# Optimizing counting number of occurrences of a given number in an array

Is there a way to optimize the counter function? I’ve tried using LoopVectorization it complained saying `ERROR: LoadError: Don't know how to handle expression. if i == element_of_interest `.

``````arr = rand(1:5, 100)

given = 4

@btime countmap(\$arr)
# 684.667 ns (6 allocations: 1.50 KiB)

function counter(x, element_of_interest)
count = 0
for i in x
if i == element_of_interest
count+=1
end
end
return count
end

@btime counter(\$arr, \$given)
# 17.635 ns (0 allocations: 0 bytes)
``````

Try without if, using count += i==eoi.

2 Likes
``````
function counter_turbo(x, element_of_interest)
count = 0
@turbo for i in eachindex(x)
count+= x[i]==element_of_interest
end
return count
end

@btime counter_turbo(\$arr, \$4)
# 17.635 ns (0 allocations: 0 bytes)
``````

Timings of both `counter` and `counter_turbo` are eerily same. Upon checking `@code_native` of `counter` it seems the compiler has vectorized it.

1 Like

Also,

``````count(==(given), arr)
``````

is around the same speed and is a standard library function.

5 Likes

TIL.

Everyday I learn something new. Thank you.
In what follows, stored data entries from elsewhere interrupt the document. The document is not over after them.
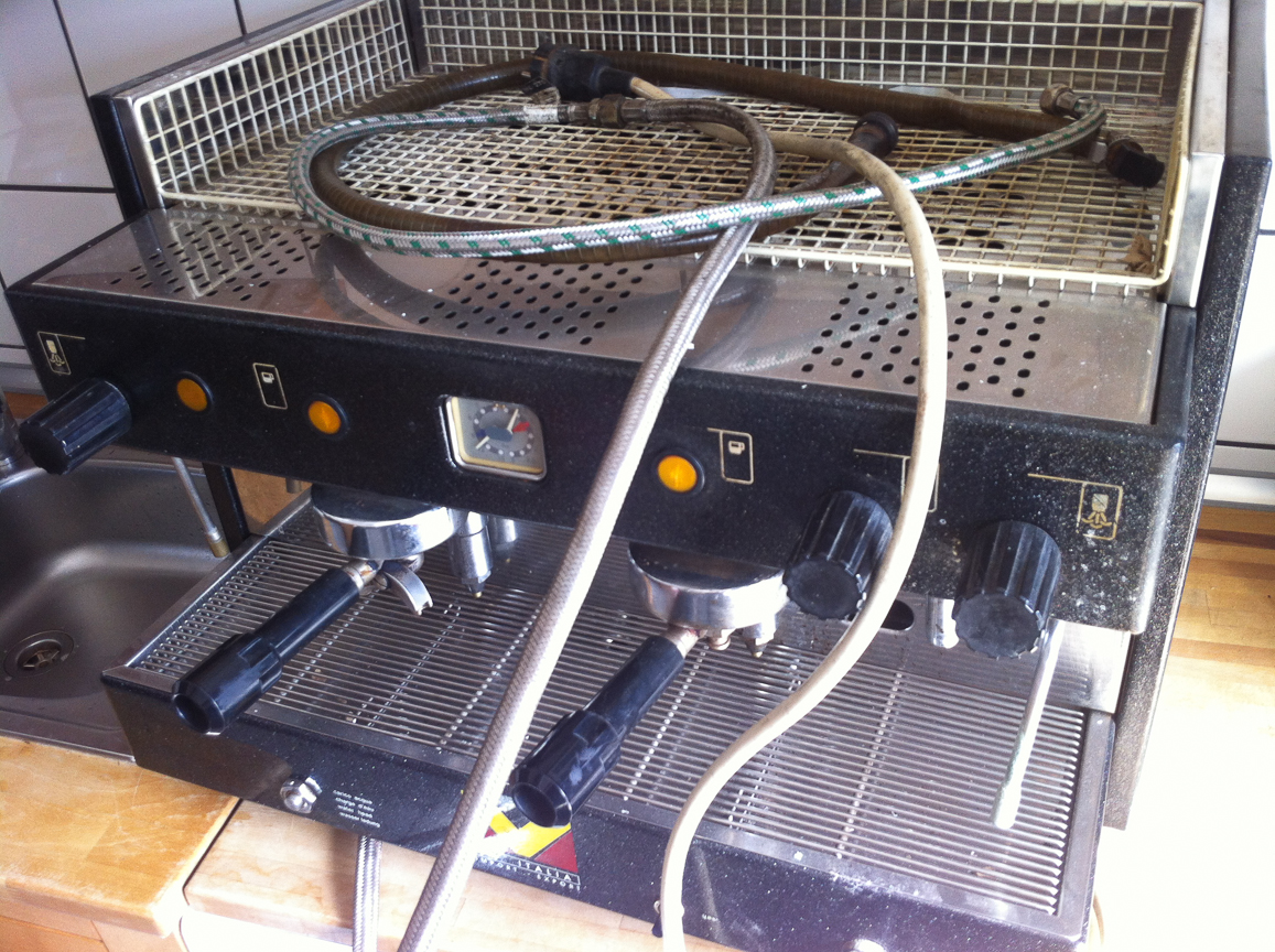 Kaffebezug funktionierte nicht! Der silberne Schlauch war dann auch wohl für Wasser und nicht für Gas (ich Depp).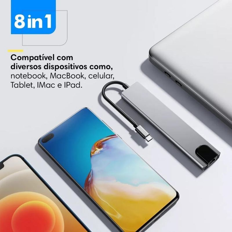 Hub Dock Station Usb Type-C 10Gbps 8X1 Hdmi 4k Lan Usb 3.0 Leitor SD REF: 7899718709113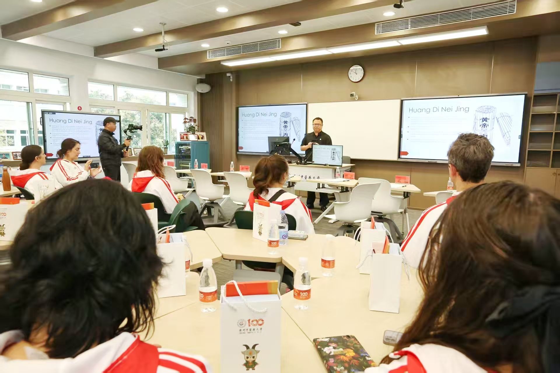 开营仪式结束后,ac米兰官网中文网站基础医学院张小虎副教授为交流团讲授中医药主题课程。深入讲解了《黄帝内经》所蕴含的整体观思想,让加拿大师生领略到中医药独特的思维方式和深厚的文化内涵。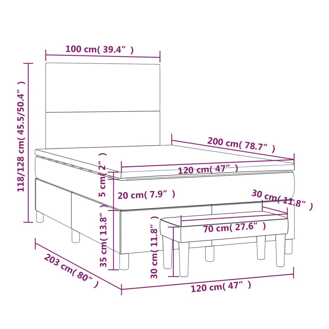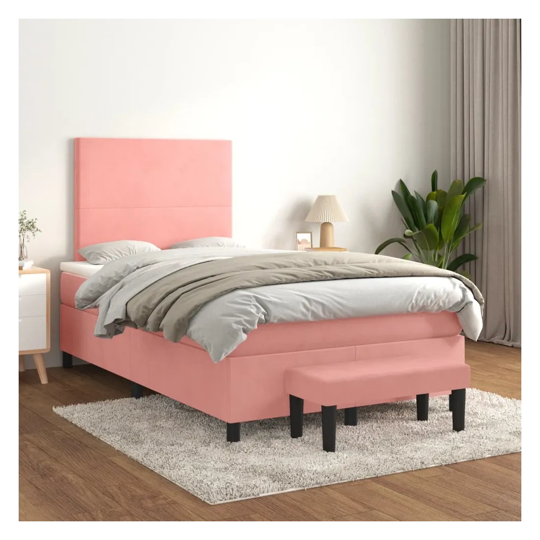 Utilisez ce lit à sommier pour profiter d'une nuit de sommeil réparatrice ! Il vous offre une relaxation maximale et un sommeil agréable. Velours doux : le velours est un tissu doux et luxueux qui se reconnaît à son tas dense de fibres uniformément coupées qui ont une touche lisse. Le tissu en velours présente un toucher doux distinctif, ce qui le rend confortable au toucher.Tête de lit pratique : la tête de lit est réglable en hauteur selon vos préférences. La tête de lit vous offre un excellent soutien du dos lorsque vous êtes assis dans votre lit pour lire ou regarder la télévision.Matelas à ressorts ensachés : le ressort ensaché individuel intégré est connu pour sa très haute qualité tout en assurant un haut niveau de durabilité et d'adaptabilité. Il peut absorber efficacement le bruit et les chocs causés par les sauts et les rotations.Support moyen-dur : ce matelas de lit offre une stabilité accrue et juste le niveau de fermeté sans sacrifier le confort. Il est donc idéal pour les personnes qui dorment sur le dos ou sur le ventre.Protège-matelas doux pour la peau : le protège-matelas est recouvert d'un tissu résistant et doux pour la peau, ce qui le rend souple et confortable.Banc multifonctionnel : ce banc peut servir de siège supplémentaire dans votre maison. Il peut également être utilisé comme banc de bout de lit. Remarque :Pour des raisons d'hygiène, le matelas ne peut pas être retourné si l'emballage est retiré ou ouvert.Chaque produit est livré avec un manuel de montage dans la boîte pour un montage facile.

Speaking of things learned, I want to remind myself here (even to myself) of an algorithm discovered (by Dan?) in the DataFrames code, during a discussion (not long ago) about the efficiency of the groupby() function.

Applying it to the countmap case always gives excellent results

``````
function countmap2(v)
m,M =extrema(v)
res=fill(0,M-m+1)
for i in eachindex(v)
res[v[i]-m+1]+=1
end
Pair.(m:M,res)
end

julia> arr
15-element Vector{Int64}:
5
0
3
1
-1
4
-1
-3
-3
-3
-2
-3
2
1
2

julia> @btime countmap2(\$arr)
62.653 ns (2 allocations: 336 bytes)
9-element Vector{Pair{Int64, Int64}}:
-3 => 4
-2 => 1
-1 => 2
0 => 1
1 => 2
2 => 2
3 => 1
4 => 1
5 => 1

julia>

julia> @btime countmap(\$arr)
222.154 ns (5 allocations: 720 bytes)
Dict{Int64, Int64} with 9 entries:
0  => 1
4  => 1
5  => 1
-1 => 2
2  => 2
-3 => 4
-2 => 1
3  => 1
1  => 2

``````
1 Like

How well does it work on `arr = [0, 1000, 10^14]`?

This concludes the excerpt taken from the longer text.